Radioactive pollution and fallout
Radioactive pollution refers to environmental contamination caused by the release of radioactive materials, while fallout specifically describes the radioactive particles that descend to Earth following a nuclear explosion. The use of radioactive elements in various civilian and military applications has contributed to the spread of radioactivity in the environment, leading to long-lasting ecological and health challenges due to the persistent nature of some radioactive pollutants. Public awareness often centers on significant events like nuclear weapons testing and accidents, such as the Chernobyl disaster, which have had extensive and enduring environmental consequences.
Less commonly recognized are the everyday uses of radioactive materials, such as in ceramics, medical imaging, and certain industrial applications, which can inadvertently contribute to radioactive pollution. Fallout from nuclear detonations primarily depends on the bomb's yield; larger explosions can produce widespread global fallout, while smaller yields result in localized contamination. The health risks associated with fallout and radioactive pollution are significant, as exposure can lead to severe health issues over time. Addressing these risks requires careful management and disposal of radioactive materials, along with public education on the potential dangers associated with their use.
Radioactive pollution and fallout
DEFINITIONS: Radioactive pollution is environmental contamination resulting from the release of radioactive materials; fallout is the radioactive particles that fall to Earth after detonation of nuclear weapons
The use of radioactive materials for civilian and military applications has helped to disseminate radioactivity throughout the environment.

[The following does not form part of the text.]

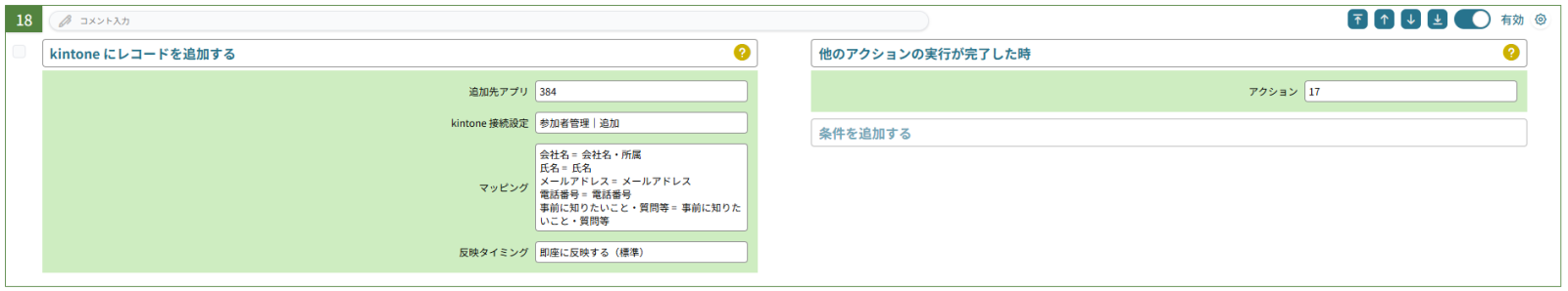 これで、現在の予約人数が定員を下回っている場合にだけ、予約人数を+1して参加者管理アプリにフォームの情報を用いてレコードを追加する準備が整いました。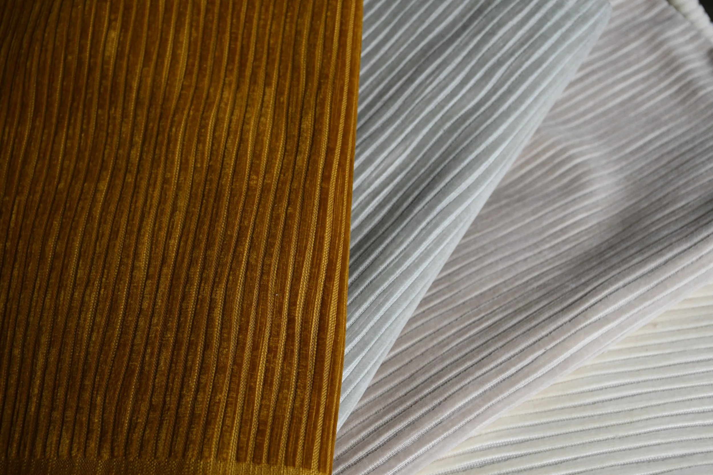 A low pile cotton velvet is always a feast for the eyes as well as deliciously  soft to the touch – but our new range of Textured Velvets go above and beyond.  They take cotton velvet into the realm of a luxury fabric. The Sculpted Velvet has a lovely, randomly carved surface, and the Corduroy adds a more overt texture to the fabric.

Because of the long half-lives of some radioactive pollutants, their detrimental effects on ecosystems and human health can persist for generations and pose major challenges for safe, long-term disposal efforts.
Many people are well aware of the use of radioactive elements in nuclear weapons and reactors. Likewise, the general public understands that nuclear war, nuclear weapons testing, and accidents such as the disastrous Chernobyl plant meltdown of 1986 can have profound, far-reaching, and long-lasting environmental impacts. It may be less well known, however, that radioactive elements are sometimes used for their physical or chemical properties rather than their radioactivity, and that these less familiar applications can cause small amounts of radioactive pollution. For example, uranium and thorium compounds have been used for centuries to give ceramic glazes brilliant orange and yellow hues. (Although pieces produced in the United States after about 1950 are generally safe to use, it is recommended that other ceramics with uranium or thorium glazes be left for occasional show unless they are tested and known to be safe for use.)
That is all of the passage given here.